Introduction and Motivation
Goal: Encode self-attention through structured state spaces, to be able to compute attention-like systems in sub-quadratic time.
Constraints: SSMs are closer to RNNs or LSTMs than they are to attention — state comes in, new state comes out, loop around. This means that they might even be worse than attention at runtime complexity (😱).
Core Insight: Structured state spaces can be represented as convolution through use of a special kernel SSM Convolution Kernel. If the SSM can be represented as a convolution, it can be parallelized, executed in linear time, and it can be optimized.
Development Details
Finding the SSM Convolution Kernel is not a trivial task. The core contribution of the paper centers around being able to efficiently find the kernel. There is a lot of math in this section, and I will not go over all of it here. Instead, here’s a few very interesting highlights:
One of the core ways to make the SSM efficient is to represent it as a HiPPO matrix: this matrix aims to compress the past history into a state that has enough information to approximately reconstruct the history.
The algorithm is designed such that it can skip the materialization of the hidden state at test time, which saves a lot of I/O cost and allows for batching.

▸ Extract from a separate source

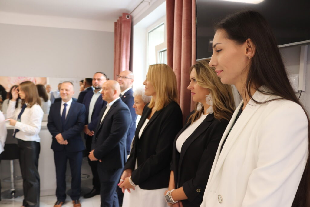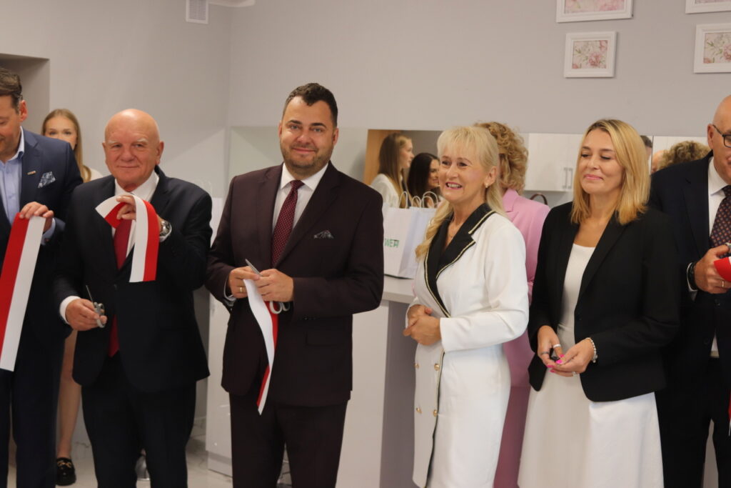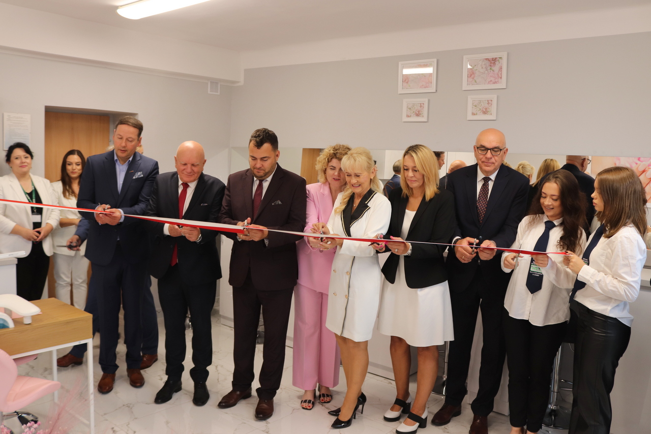 Po uroczystej inauguracji odbyło się symboliczne przecięcie wstęgi w odremontowanej sali wizażu i stylizacji, w której zajęcia będzie mogło odbywać jednocześnie 28 uczniów.

All of this amounts to improved time complexity — S4 has the best time complexity across the board, through training and inference time, and in parameter counts.
Evaluation
Let’s jump straight into looking at some data! First, we see that S4 is very memory efficient, even if it is often slower than the transformer model.
Another very famous large model test is the “Pathfinder” benchmark. It looks something like this:
The model must declare whether the two markers are connected by a path or not. It is supposed to model long-range dependencies. S4 crushes it at long-range dependency tests.
Similarly, S4 performs quite well at generative models in language, video, audio or art.
If we take a look at the design’s ablation studies, we see that for validation accuracy, every component is needed.
Limitations and Future Work
The S4 operation only right now works on 1-dimensional input. This means that, when acting as a layer of k-dimensional embeddings, for example, they create k SSMs, then use a linear layer + an activation to mix them together. Future work could investigate how to make the SSM multi-dimensional.
S4, for all its greatness, is still beat by the Transformer. The Transformer benchmark does generative text better, and is also faster at training time. This is critical in large-scale training.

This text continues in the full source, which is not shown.